Photograph by George Clark, Meridian Star/AP
Wilderness Battlefield, Virginia
A weathered catalpa tree bears silent witness on Virginia's Wilderness Battlefield, where 28,000 soldiers died, were wounded, or went missing during the two-day Battle of the Wilderness in May 1864.
"It was one of the most significant and bloodiest engagements of the war, where Robert E. Lee and U.S. Grant faced off for the very first time," the National Trust's Barker said.
Today a new fight rages over Walmart's plans to build a 240,000-square-foot (22,300-square-meter) store on the battlefield in Orange County. The store, and the commercial sprawl it's likely to spawn, would greet visitors just outside the gates of Fredericksburg and Spotsylvania National Military Park, Barker stressed.
Orange County officials have approved the plan, but the nonprofit Friends of Wilderness Battlefield aims to block the development with a lawsuit. Opponents, including heritage groups, the National Park Service, and Virginia's governor, hope Walmart will choose another Orange County site.
Photograph by Rex Stucky, National Geographic
Industrial Arts Building, Nebraska
Lincoln, Nebraska's massive brick Industrial Arts Building was built as an exposition hall in 1913 to showcase agricultural products at the Nebraska state fairgrounds.
In the post-World War I era (pictured), the Lincoln Standard Aircraft Company used the building to assemble airplanes—including the one in which a young Charles Lindbergh trained to become a pilot.
Shuttered in 2004, the iconic building is now scheduled to meet the wrecking ball. The current owner, the University of Nebraska, plans to redevelop the former fairground site.
Photograph courtesy Nebraska State Historical Society
Merritt Parkway, Connecticut
The Merritt Parkway begins in Greenwich, Connecticut, at the New York State border and runs for 37.5 miles (60 kilometers) along a route laid out 70 years ago to blend the natural landscape with a median strip and bucolic embankments.

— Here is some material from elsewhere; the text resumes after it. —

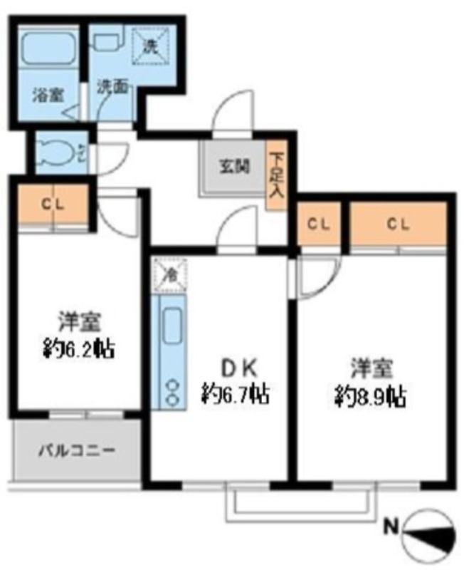 | 間取り詳細 | 洋室 8.9畳 、 洋室 6.2畳 、 DK 6.7畳 |
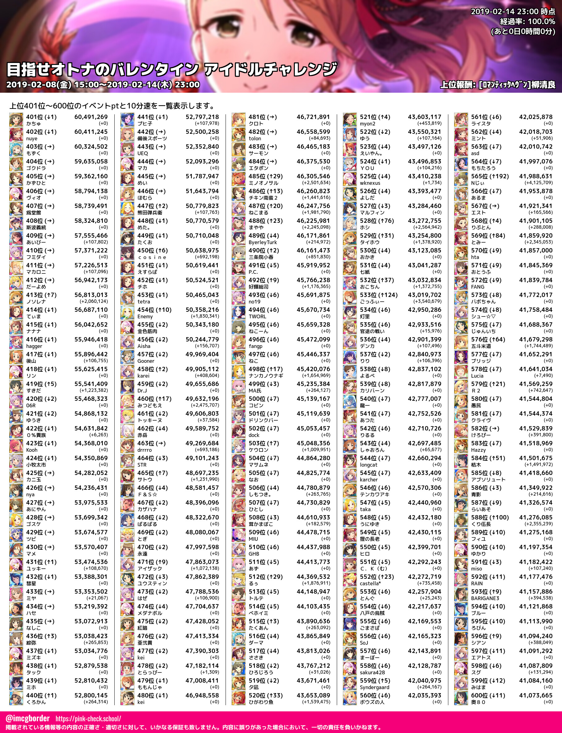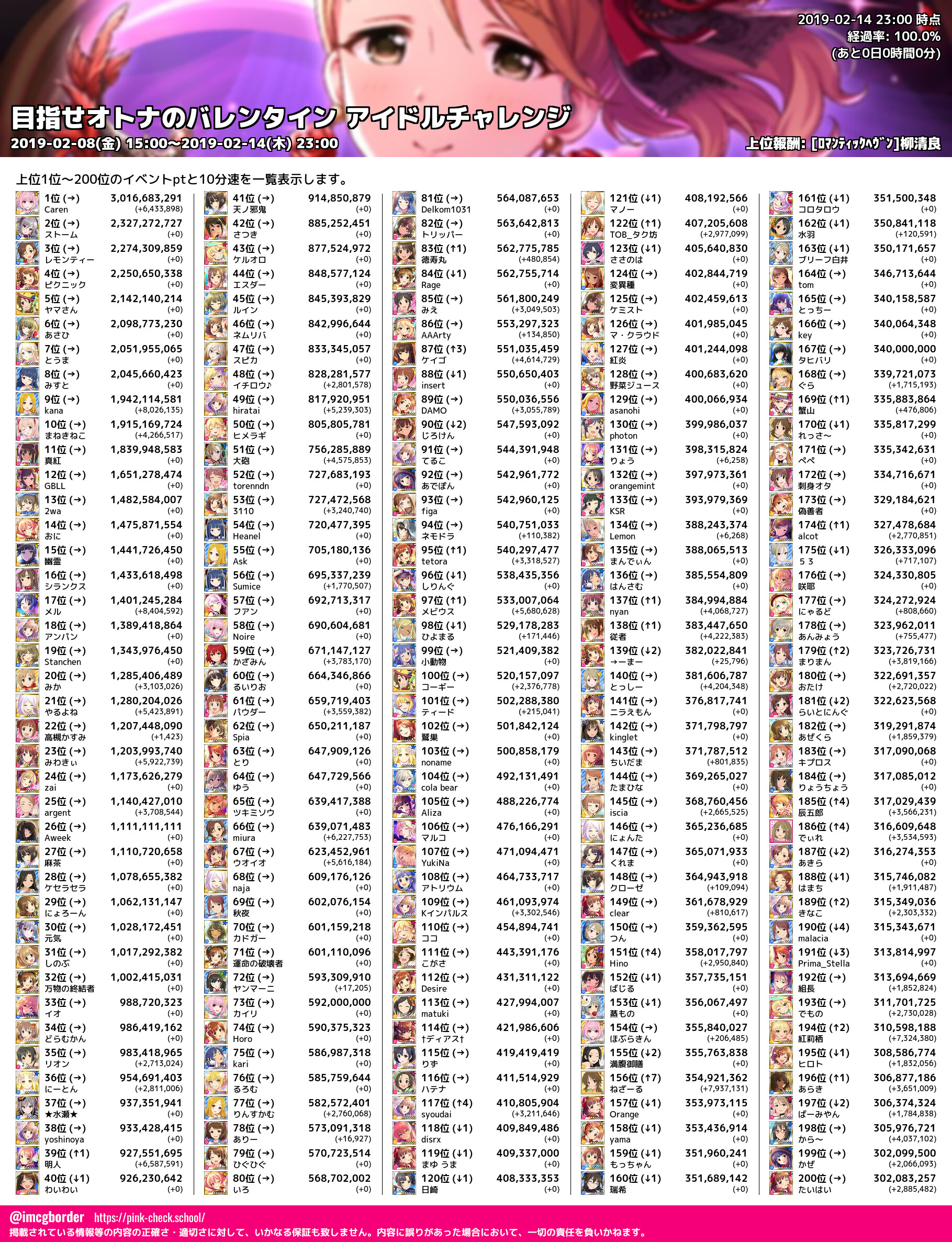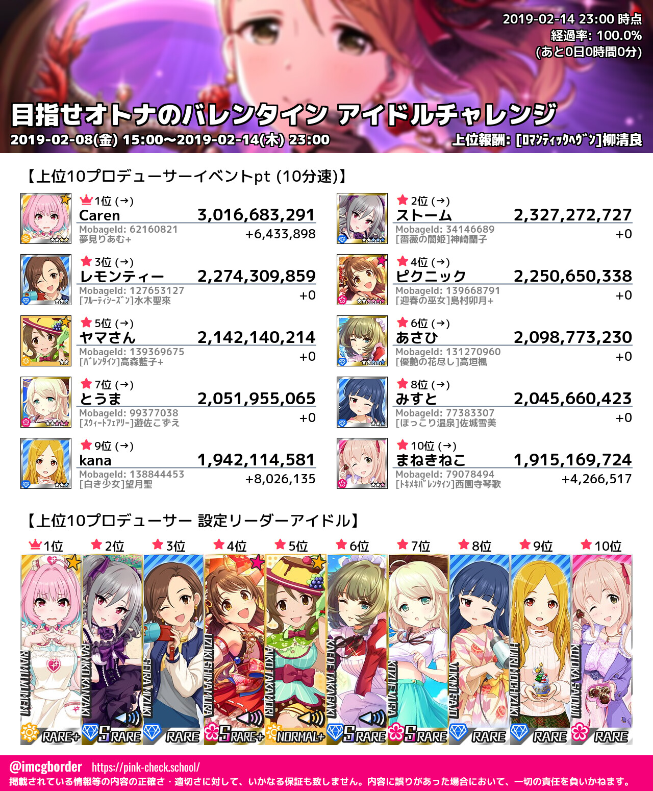 上位プロデューサースコア (2019-02-14 23:00 時点)

The elegant design created one of the United States' iconic stretches of scenic highway, dotted with sculpted bridges and free of advertisements and trucks.
But the road's steward, the Connecticut Department of Transportation, is under pressure from growing traffic demands and inadequate funding. Neglected maintenance means many architectural and landscape features are falling apart.
The National Trust's Barker warns that traffic demands are moving the state to "realign roads, replace bridges, and redesign intersections—all at the cost of the parkway's unique character."